Учебный сайт студента ФББ МГУ

Киселёв Матвей Олегович

Отчёт о практикуме 11

HMM профиль

Для работы возьмём доменную архитектуру IPR000477 - IPR002711, включающую 195 белков, согласно базе данных InterPro. Первый домен в этой архитектуре - обратная транскриптаза, а второй - HNH-эндонуклеаза.

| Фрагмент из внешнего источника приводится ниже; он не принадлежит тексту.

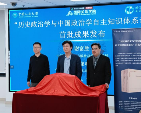 会上还举行了“历史政治学与中国政治学自主知识体系论丛”首批成果发布会。发布会由中国人民大学国际关系学院任锋教授主持,中国人民大学国际关系学院院长、澄海全球发展与安全高等研究院院长杨光斌教授与中国人民大学出版社总编辑谢富胜教授、副总经理郭晓明编审共同为首批成果揭幕。

На сайте InterPro я сгенерировал fasta-файл с последовательностями этих 195 белков. В программе Jalview я провёл Mafft-выравнивание этих последовательностей (см. рис. 1).

Простите, изображение не загрузилось :( Проверьте подключение к сети
Рис. 1. Выравнивание белков с выбранной доменной архитектурой.

Вот ссылка на файл с выравниванием.

Далее возьмём только те координаты из этого выравнивания, которые содержат интересующие нас домены. Для этого посмотрим на координаты этих доменов в репрезентативном для выбранной архитектуры белке с АС A0A0A0HXF5. Эти координаты: 87 - 576. Вырежем именно эти координаты в выравнивании и далее работать будем с этим уменьшённым файлом. К тому же удалим некоторые сиквенсы, которые выровнялись совсем плохо (на глаз). Вот получившийся файл, состоящий из 172 последовательностей.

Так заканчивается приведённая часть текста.